I used to despise the word "wife". Not only did I never think I'd be one, but the word itself conjured up images of servitude and patriarchy. The word "wife" made my feminist bones quake.
I used to tell people that the word "wife" sounded like a venereal disease.
"Oh, I have a bad case of wife"...
The word sounded harsh to me. You almost have to spit it to say it. "Wwwwiiiiiifffffe."
I had many a conversation with other gays and lesbians. Nothing encensed me more than a gay or lesbian calling their partner husband or wife. I'd ask them why they'd use spousal/marital vocabulary when everyone knows gays and lesbians can't get married. Even if they were lucky enough to marry in a state where same-sex marriage was legal, our federal government doesn't recognize such marriages. Why would we adopt heterosexual terminology for our unions when we are refused equal rights?
I used to believe "partner" was a more respectful and acceptable term for our relationships. What better word for your lover, for the person you depend on for everything, for the one who captures your heart, for the one who you share your life with, for the one you build a family with...than partner? Partner sounded better to me than "wife".
Even after UncleR and I were engaged, we had conversations about this. What should we call each other after we marry? (Partners, of course.) What will we have our officiant pronounce us at the end of our vows? (Legally married!)
We even asked other same-sex couples their opinions. They varied as well, however, the overwhelming trend seems to be the use of old standards, husband or wife.
Then Ed came into our lives. Ed is our gay priest/wedding officiant.
The first time I spoke to him by phone, this topic came up. When I asked if we could customize our own ceremony and vows in order to use terminology both familiar and appropriate to us, he gave his opinion. He said, "I feel the terms husband or wife are the most respectful terms you can use because that is what you will be. To me, partner is less respectful. But the words you use are up to you."
He said it in a nonjudgmental way. He said it matter-of-fact.

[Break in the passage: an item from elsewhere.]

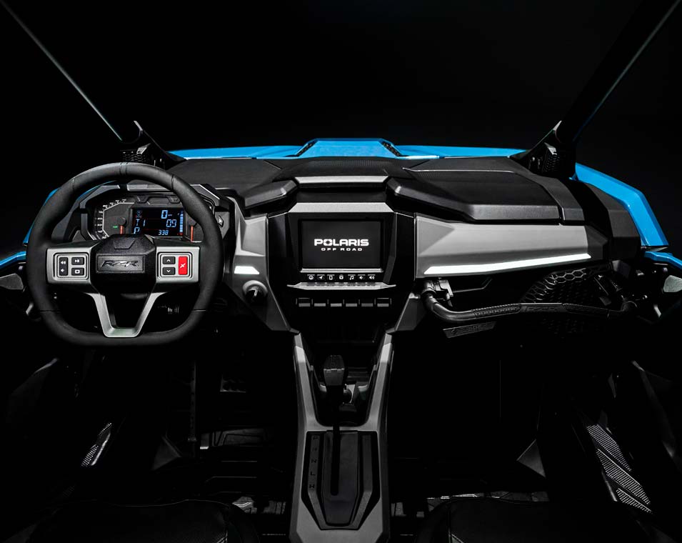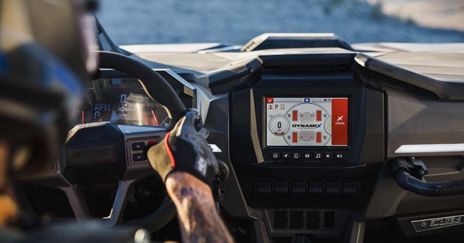 RIDE COMMAND® 7” Glove-Touch Display: DYNAMIX 2.0 Visualizer, Built-In GPS, Group ride (cell-based or GPS based), Topographic Mapping, Bluetooth & USB Smartphone Connectivity, AM/FM & Weather Radio (Accessory Speakers Required - Sold Separately), In-Vehicle Communications Capable With Optional Sena Headsets, Polaris P.A.S.S Anti-Theft System. Dual-sweep Analog Dials w/ 4" LCD Rider Information Center: User Selectable Blue/Red Backlighting & Brightness, Programmable Service Intervals. Digital Instrumentation: Speedometer, Tachometer, Odometer, Tripmeter, Clock, Hour Meter, Gear Indicator, Fuel Gauge, Coolant Temperature, Voltmeter, Service Indicator and Codes, Seat Belt Reminder Light, Gear Indicator, DC Outlet.

And nothing else was said.
After the phone call, I told UncleR what Ed had said. Our ensuing conversations were less deeply personal and meaningful, and more, "DUH!"
And here we are today.
We are 2 1/2 months away from our ceremony. Although we haven't finalized our vows, once we are married, we will be wives. I'm sending a big thank you to Ed, who with his matter-of-fact opinion, has changed my world and my entire thought process.
UncleR will be my wife. Ed is right. The most respectful term for what and who she will be to me, is "wife". We have chosen to marry. Our marriage WILL result in a legal union. We have chosen to enter into a union while fully aware of the fact that our federal government will not recognize our marriage as either legal or valid.

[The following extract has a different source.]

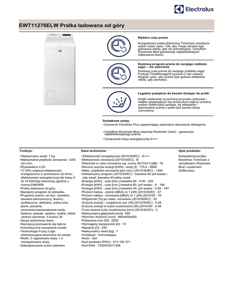 EWT11276ELW Pralka ładowana od góry Wybierz czas prania Kompaktowa pralka Electrolux TimeCare umożliwia wybór czasu cyklu. Tak, aby Twoje ubrania były gotowane wtedy, gdy ich potrzebujesz. Certyfikat Woolmark Blue gwarantuje najdelikatniejsze traktowanie tkanin. Dostosuj program prania do swojego rozkładu zajęć – nie odwrotnie Dostosuj czas prania do swojego rozkładu zajęć. Funkcja TimeManager® pozwoli Ci tak ustawić długość cyklu, aby pranie było gotowe dokładnie wtedy, gdy zechcesz. Łagodne podejście do kwestii dostępu do pralki Dzięki otwieranej za pomocą przycisku pokrywie i miękko otwierającym się drzwiczkom bębna unikalny system SoftAccess sprawia, że wkładanie i wyjmowanie prania z pralki jest bardzo łatwą czynnością. Dodatkowe zalety: • Dozownik Flexidose Plus zapewniający optymalne dozowanie detergentu • Certyfikat Woolmark Blue (dawniej Woolmark Gold) – gwarancja najdelikatniejszego prania • Oznaczenie klasy energetycznej A+++ Funkcje: Dane techniczne: Opis produktu: • Maksymalny wsad: 7 kg •Maksymalna prędkość wirowania: 1200 obr./min. •Wyświetlacz LCD •*O 30% większa efektywność energetyczna w porównaniu do limitu efektywności energetycznej dla klasy A (0,19 kWh/kg) mierzonej zgodnie z normą EN60456. •Pralka ładowana od góry •Specjalny program do jedwabiu •Programy prania: wł./wył., bawełna, bawełna ekonomiczny, tkaniny syntetyczne, delikatny, wełna plus, jeans, płukanie, wirowanie/odprowadzanie wody, bielizna, jedwab, zasłony, kołdra, lekkie ubrania sportowe, 5 koszul 30 •Opcja opóźnienia startu •Samopozycjonowanie się bębna •Automatyczne wyważanie wsadu •Technologia Fuzzy Logic dostosowująca parametry do wsadu •Nóżki: 2 regulowane stopy + 2 nieregulowane stopy •Zabezpieczenie przed zalaniem • Efektywność energetyczna (2010/30/EC) : A+++ •Efektywność wirowania [2010/30/EC] : B •Głośność w cyklu wirowania wg. normy IEC704-3 [dB] : 76 •Roczne zużycie energii [kWh] - wody [l] : 175,0 - 9990 •Maks. prędkość wirowania [obr./min.] (2010/30/EC) : 1200 •Deklarowany program (2010/30/EC) : bawełna 60 pół wsadu i cały wsad, bawełna 40 pełny wsad •Energia [kWh] - czas [min.] bawełna 60 : 0.95 - 255 •Energia [kWh] - czas [min.] bawełna 60, pół wsadu : 0 - 188 •Energia [kWh] - czas [min.] bawełna 40, pół wsadu : 0.59 - 187 •Poziom hałasu - pranie [dB(A) re 1 pW] (2010/30/EC : 57 •Poziom hałasu - wirowanie [dB(A) re 1 pW] (2010/30 : 76 •Wilgotność [%] po maks. wirowaniu (2010/30/EC) : 53 •Zużycie energii - urządzenie wył. [W] (2010/30/EC) : 0,48 •Zużycie energii w trybie oczekiwania [W] (2010/30/ : 0,48 •Czas trwania trybu oczekiwania [min] (2010/30/EC) : 5 •Maksymalna głębokość [mm] : 600 •Wymiary WxSzxG [mm] : 890x400x600 •Pobierana moc [W] : 2200 •Wymagany bezpiecznik [A] : 10 •Napięcie [V] : 230 •Maksymalny wsad [kg] : 7 •Instalacja : wolnostojąca •Kolor : biel •Kod produktu (PNC) : 913 102 371 •Kod EAN : 7332543511358 Kompaktowa pralka Electrolux TimeCare z certyfikatem Woolmark Blue i systemem SoftAccess.

And yet, we have decided it is fundamentally important to our relationship to marry. It is so important that we will travel across the country to exchange vows in one of the only locations where it is legal for us to do so.

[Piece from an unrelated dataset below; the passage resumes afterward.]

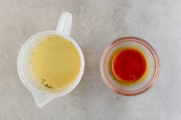 Das Brühgewürz in 1,2L heißem Wasser auflösen. Die Safranfäden mit 1 Prise Salz mit einem Löffel zerreiben oder in einem Mörser fein zerstoßen und anschließend in ca. 2TL heißem Wasser auflösen.

Yes, we are sending a message to all of those that say we can't, that yes, indeed, we can marry. But, it's not about them. It's about us. It's about our relationship. It's about our want to marry.
"Wife" no longer conjures up those negative images. Instead, I think only of UncleR. I think of how much I love her. And I think about Ed, and how right he was. I have realized that "wife" is a deeply personal term, individually tied to each and every person who is a "wife".
When we exchange vows in a few short months, I'm thinking maybe we should be declared "legally wedded wives". How does that sound?